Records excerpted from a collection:
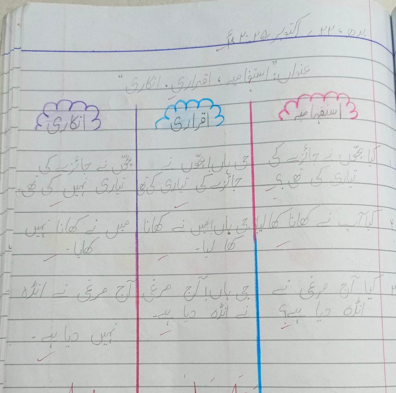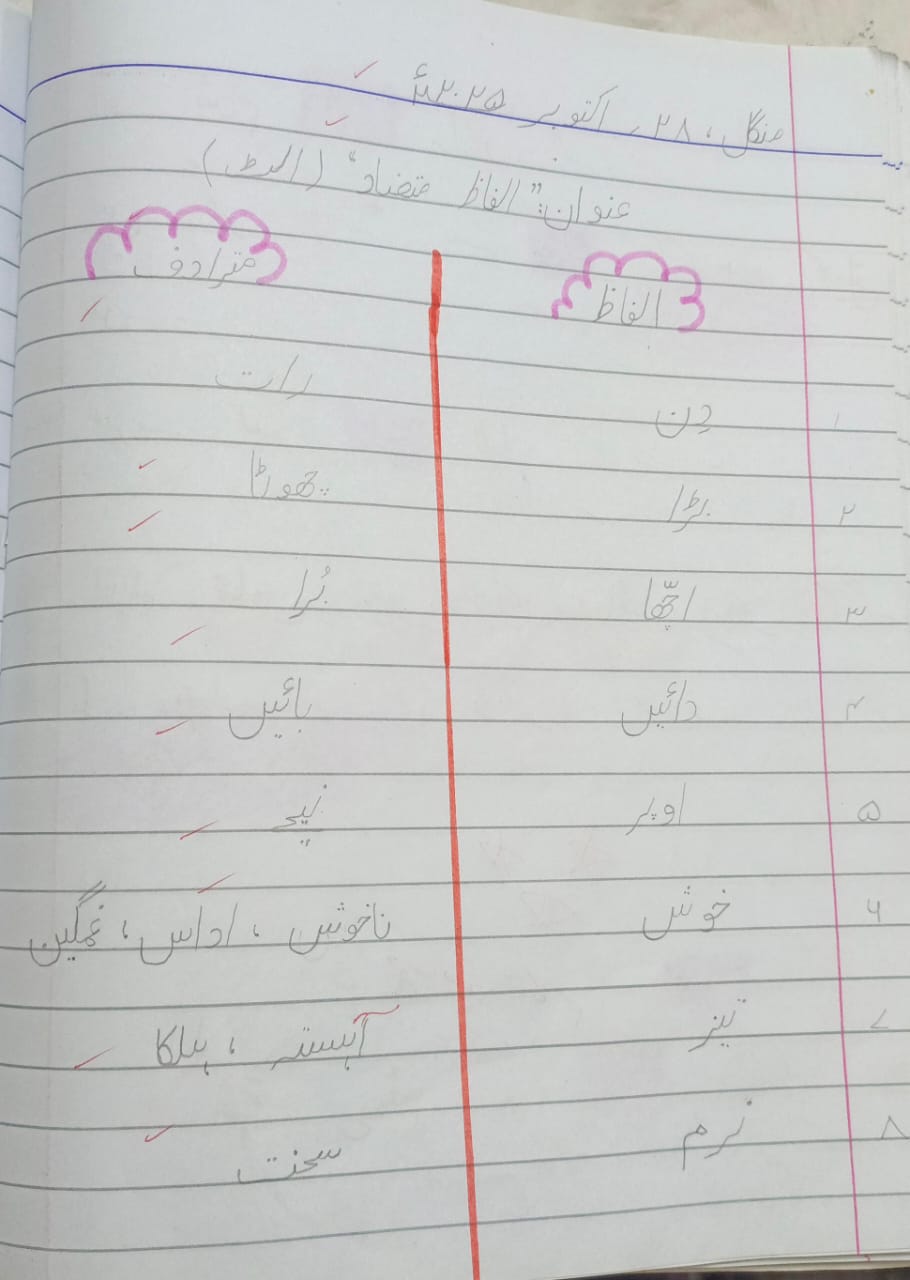 Homework:* Revision Lessons:- 1. Computer k faeday 2. Acha Shehri 3. Sohni Dharti Word meaning and Markazi khayal test will be on Friday..
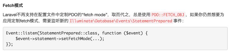 如上图所示:Laravel不再支持在配置文件中定制PDO的“fetch mode”,取而代之,总是使用PDO::FETCH_OBJ,如果你仍然想要为应用定制fetch模式,需要监听新的Illuminate\Database\Events\StatementPrepared事件。
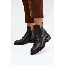 Ocieplane Skórzane Botki Damskie Z Ozdobnym Detalem Czarne Briselda
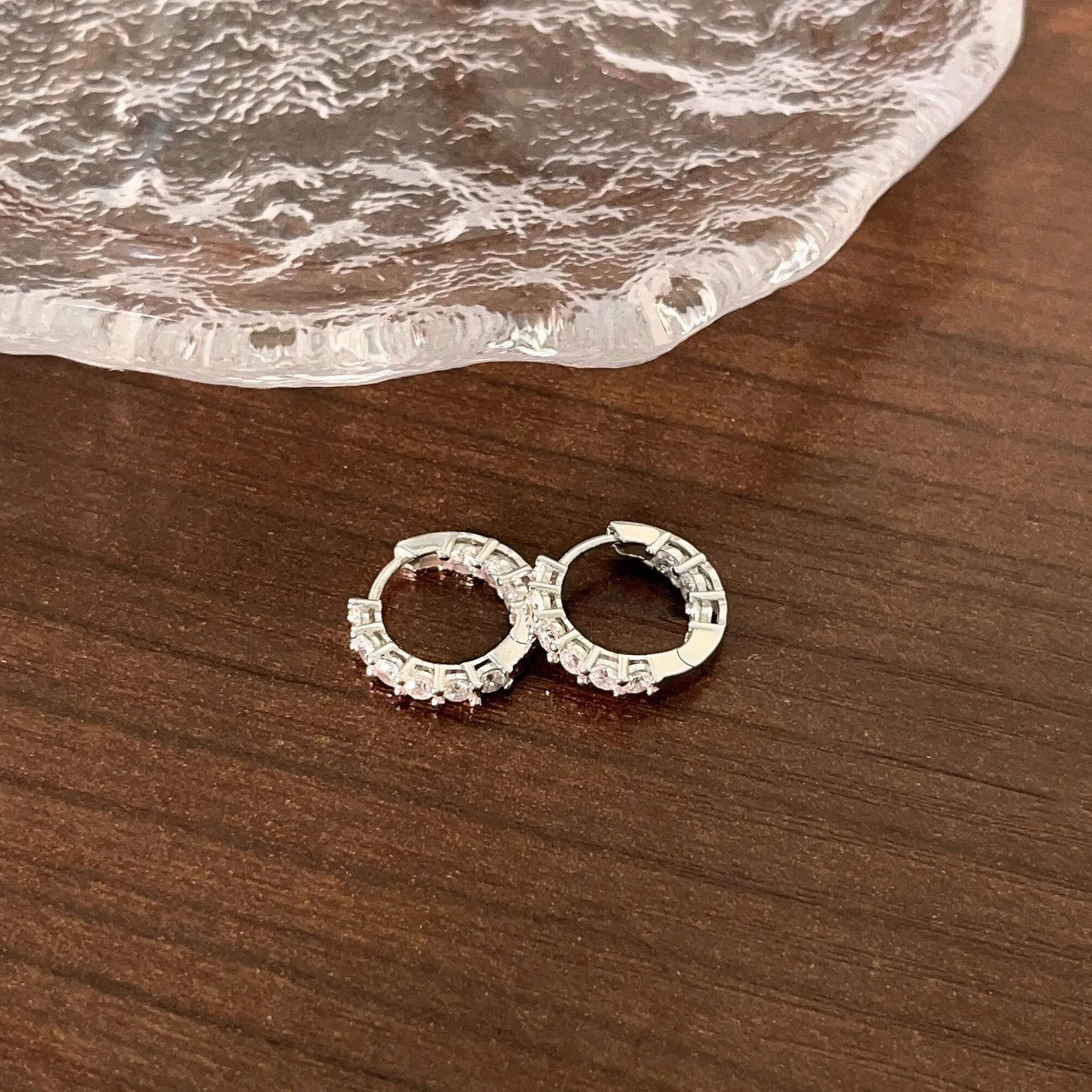 Eleganta små huggie-örhängen med gnistrande pavéinfattade stenar, designade för att sitta bekvämt hela dagen – ett tidlöst och lättburet smycke som passar perfekt för både vardag och lager-på-lager-styling.
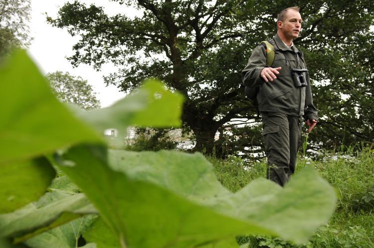 Aan de begroeiing in de Diemervijfhoek is geen mensenhand te pas gekomen. Alles kwam vanzelf… de wilgen, de elzen en ook de oude eik waar boswachter Visser bij staat.
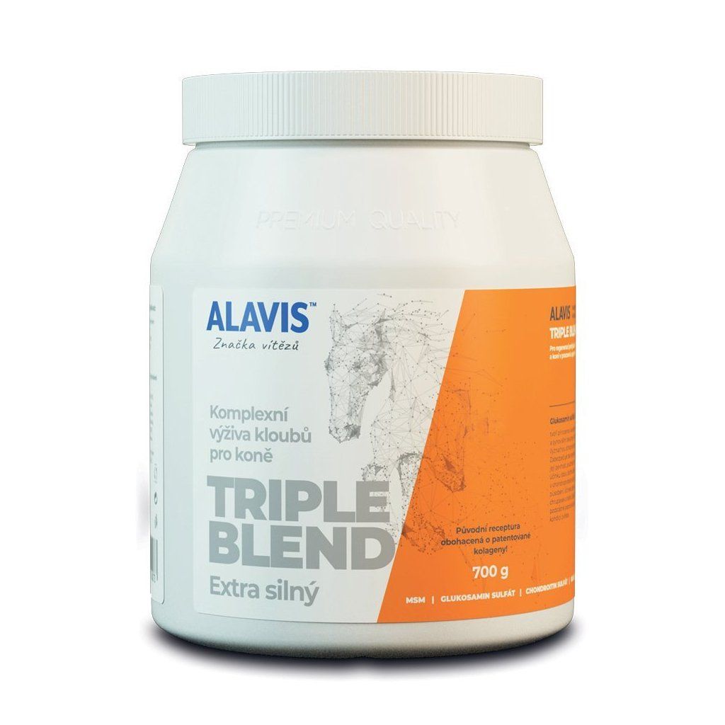 Přípravek Triple Blend Extra Silný účinně napomáhá regeneraci pohybového aparátu a vyživuje i chrání kloubní chrupavky i tkáně. Zpevňuje vazy a šlachy a působí regeneračně na samotné svaly. Přípravek obsahuje kombinaci chondroprotektivních látek, methylsulfonylmethanu (MSM) a značkových kolagenů Collyss a Cartidyss. Zvířeti se tak dostává těch nejužitečnějších složek pro jeho klouby.
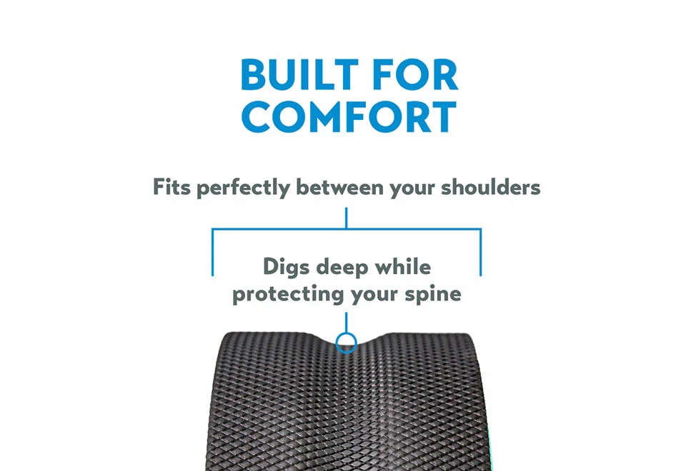 • Built-in “spinal canal” allows for increased muscle massage

*TASK*. Without the pictures, write out every line above exactly as it appears.

*YOUR RESPONSE*.
 Homework:* Revision Lessons:- 1. Computer k faeday 2. Acha Shehri 3. Sohni Dharti Word meaning and Markazi khayal test will be on Friday..
 如上图所示:Laravel不再支持在配置文件中定制PDO的“fetch mode”,取而代之,总是使用PDO::FETCH_OBJ,如果你仍然想要为应用定制fetch模式,需要监听新的Illuminate\Database\Events\StatementPrepared事件。
 Ocieplane Skórzane Botki Damskie Z Ozdobnym Detalem Czarne Briselda
 Eleganta små huggie-örhängen med gnistrande pavéinfattade stenar, designade för att sitta bekvämt hela dagen – ett tidlöst och lättburet smycke som passar perfekt för både vardag och lager-på-lager-styling.
 Aan de begroeiing in de Diemervijfhoek is geen mensenhand te pas gekomen. Alles kwam vanzelf… de wilgen, de elzen en ook de oude eik waar boswachter Visser bij staat.
 Přípravek Triple Blend Extra Silný účinně napomáhá regeneraci pohybového aparátu a vyživuje i chrání kloubní chrupavky i tkáně. Zpevňuje vazy a šlachy a působí regeneračně na samotné svaly. Přípravek obsahuje kombinaci chondroprotektivních látek, methylsulfonylmethanu (MSM) a značkových kolagenů Collyss a Cartidyss. Zvířeti se tak dostává těch nejužitečnějších složek pro jeho klouby.
 • Built-in “spinal canal” allows for increased muscle massage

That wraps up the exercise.